Ook het theoretische deel van de opleiding blijkt voor een deel van de studenten een grote belemmering te zijn. Of studenten studievertraging opliepen, varieert erg tussen verschillende ondersteuningsbehoeften. Van der Velden: “We zien veel variatie in de ervaringen van deze groep studenten, wat inhoudt dat maatwerk nodig is om deze groep op gelijke voet mee te laten doen. Tegelijkertijd betekent dit ook dat het niet onmogelijk is, omdat er dus ook positieve verhalen zijn om lessen uit te trekken. Nu is het zaak om met deze kennis aan de slag te gaan.” 

Informatievoorziening 

Wanneer studenten een ondersteuningsbehoefte hebben, kunnen zij terecht bij hun onderwijsinstelling die hier voorzieningen voor heeft. Dit kan gaan om versoepeling van regels en eisen of om specifieke hulpmiddelen, zoals boeken met vergrote letters voor studenten met dyslexie. Het merendeel van de ondervraagde studenten is hiervan op de hoogte en is (zeer) tevreden met de informatievoorziening. Er is echter ook een minderheid die hier wel problemen mee ervaart. Zo staat hier een groep studenten (21 procent) tegenover die (zeer) ontevreden is over die informatievoorziening. Zij weten bijvoorbeeld niet waar ze hulp aan kunnen vragen of met wie zij in gesprek kunnen gaan over problemen die ze ervaren bij hun studie. Ook ervaart een klein deel van de studenten (15 procent) geen begrip vanuit de instelling voor hun beperking, ziekte, aandoening of bijzondere omstandigheid. “Aan het einde van de dag is het vormgeven van onderwijs mensenwerk. Het helpen van studenten met een ondersteuningsbehoefte draait bijvoorbeeld om het actief aanreiken van handvaten en het luisteren en samen kijken naar wat het beste werkt,” aldus Van der Velden. 
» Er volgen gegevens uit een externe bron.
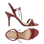 Sandalia femenina Arezzo en color rojo, con tacón medio fino que ofrece elegancia y comodidad. Su diseño de tiras con detalle de nudo aporta un toque moderno y femenino, ideal para destacar cualquier look. Perfecta para eventos, salidas nocturnas o para elevar outfits sencillos con un acento de color.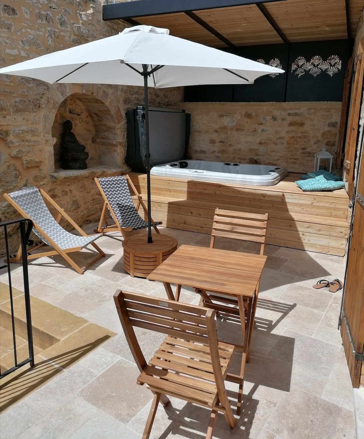 Maison indépendante sans vis-à-vis, en pierres située dans ancien hameau. Ce logement confortable vous séduira par sa décoration soignée ,son SPA privatif sera apprécié aprés de longues visites,son emplacement pour explorer Sarlat, les beaux villages,la vallée de la Dordogne, ses châteaux et tous les sites incontournables. Deux terrasses à votre disposition pour savourer un bon repas en plein air ou se détendre sur les transats. Eau du SPA changée aprés séjour. Piscine à partager propriétaire.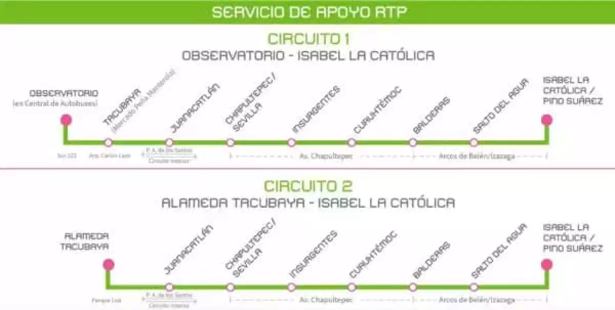 Las personas usuarias podrán utilizar el Servicio de Apoyo de RTP cuyo costo es de 5 pesos con transbordo gratuito (con tarjeta MI) a Metro en el tramo Isabel la Católica/Pino Suárez-Pantitlán.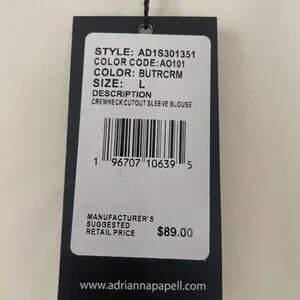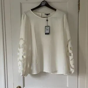 Adrianna Papell Blouse Women's Cream Crewneck Cutout Sleeve L NWT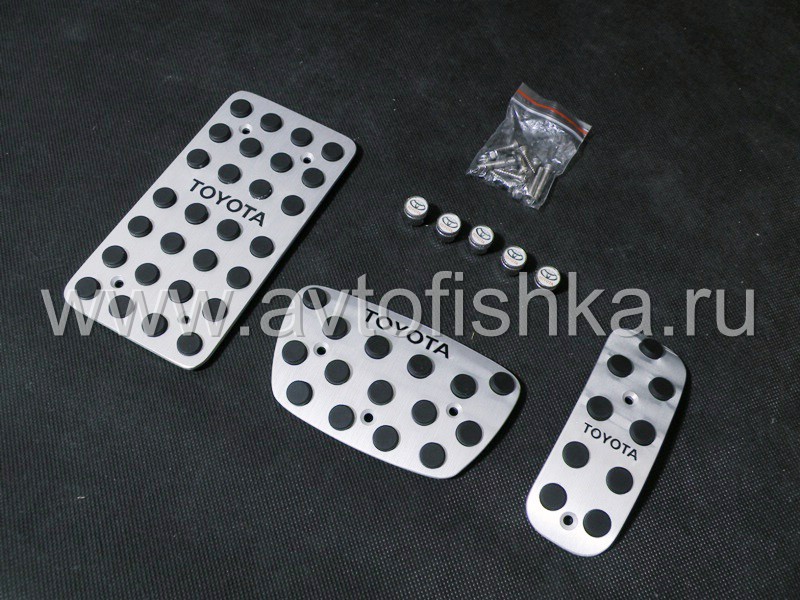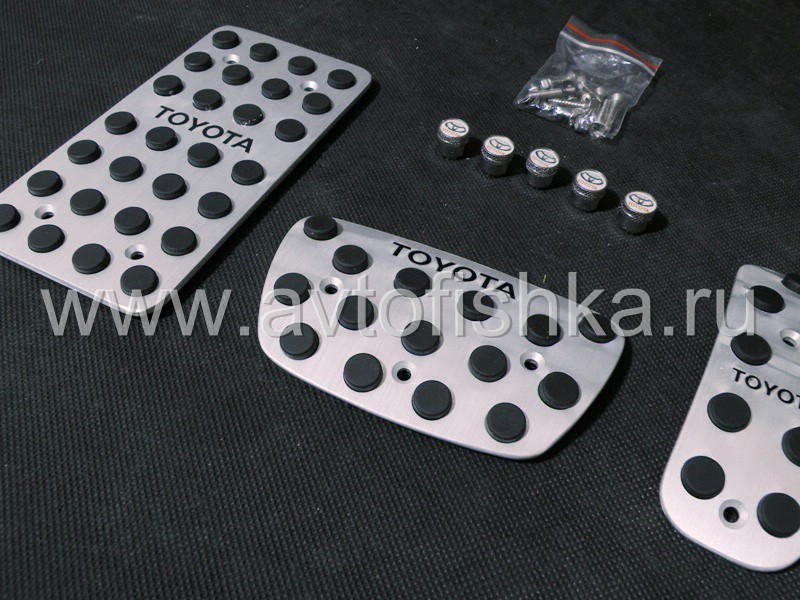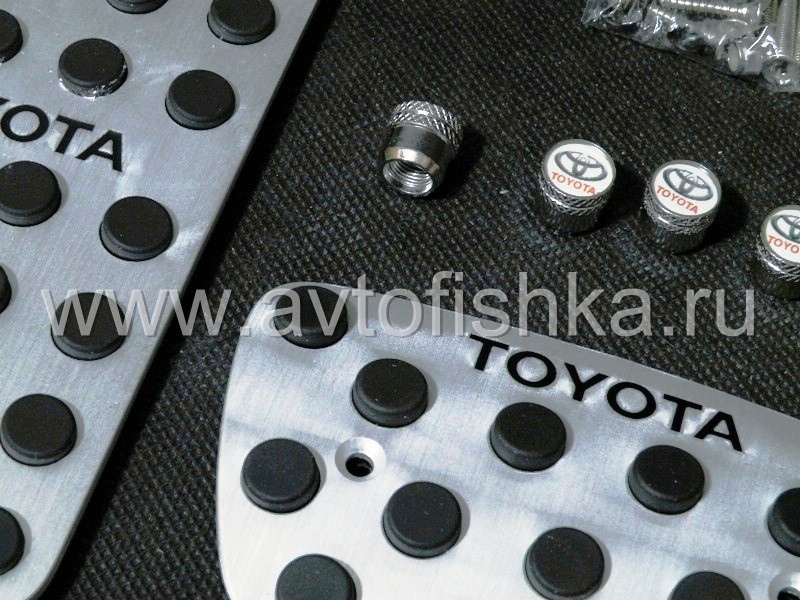 —Toyota накладки на педали, подставку под ногу, алюминиевые + колпачки на нипели, с логотипом TOYOTA, комплект 8 шт.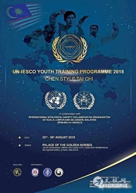 2018年8月25号,联合国生态环境保护组织举办的青年陈氏太极拳培训在马来西亚吉隆坡圆满结束,此次培训活动邀请的主讲师是来自中国陈家沟的陈炳老师。闭幕宴会上,联合国环境生态保护组织副主任Stuart Scott为嘉宾颁奖,陈炳被授予“联合国青年陈氏太极拳形象大使”。陈家沟国际太极院的陈晨、范昭朋、冉发林、陈飞、郑世诚、周浩田、史鹏辉做为此次培训的助教和嘉宾全程参与了活动。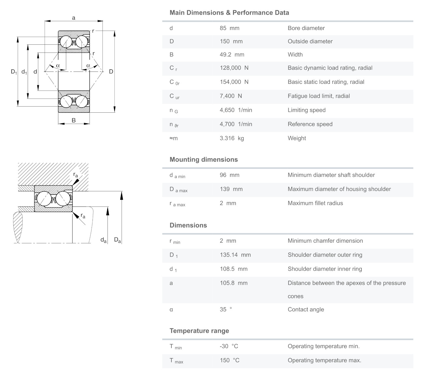 FAG 3217-C3 มีขนาดวงใน 110 มิล วงนอก 200 มิล หนา 69.8 มิล เป็นตลับลูกปืนเม็ดกลมแบบมีมุมสัมผัส 30° องศา แบบสองแถว เหมาะสำหรับรองรับแรงโหลดได้มากทั้งในแนวรัศมีและแนวแกน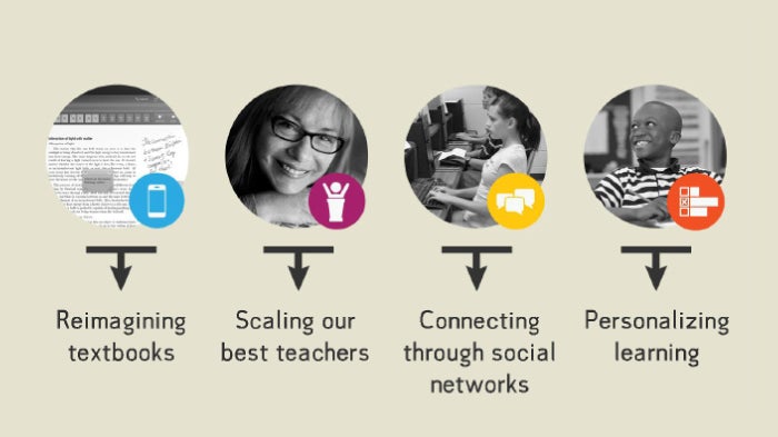 There really is no limit to what teachers can do if they have the right resources. A decade from now, finding and using the best content and technology will be as natural as opening a book. Tablets and high-speed Internet access will be ubiquitous. Each student will have a learning map that helps chart their interests and learning path inside and outside the classroom. And the concept of the textbook will fade—replaced by easy online access to the best lectures and course materials available.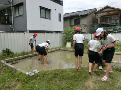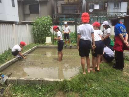6月13日(水)午前、5年生は梅雨の晴れ間に田植えを行いました。みんな裸足になり、一束一束ていねいに植えていました。実りの秋になりますように。

'Dit onderzoek is een wake-up call' 

Het onderzoek belicht de specifieke ervaringen en behoeften van studenten met een ondersteuningsbehoefte in het hoger onderwijs. Door de verscheidenheid aan oorzaken waardoor een student behoefte kan hebben aan extra ondersteuning, is het van belang een duidelijker beeld van deze groep te creëren. Van der Velden: “Dit onderzoek is een wake-up call voor iedereen in het hoger onderwijs. De ervaren drempels worden niet weggenomen door specifieke inspanning vanuit de student, vanuit diens omgeving of vanuit de hogeschool of universiteit. Hoewel al veel goed lijkt te gaan, moeten er gezamenlijk inspanningen worden geleverd om deze studenten te geven waar ze recht op hebben. Bij goed onderwijs valt immers geen student buiten de boot.”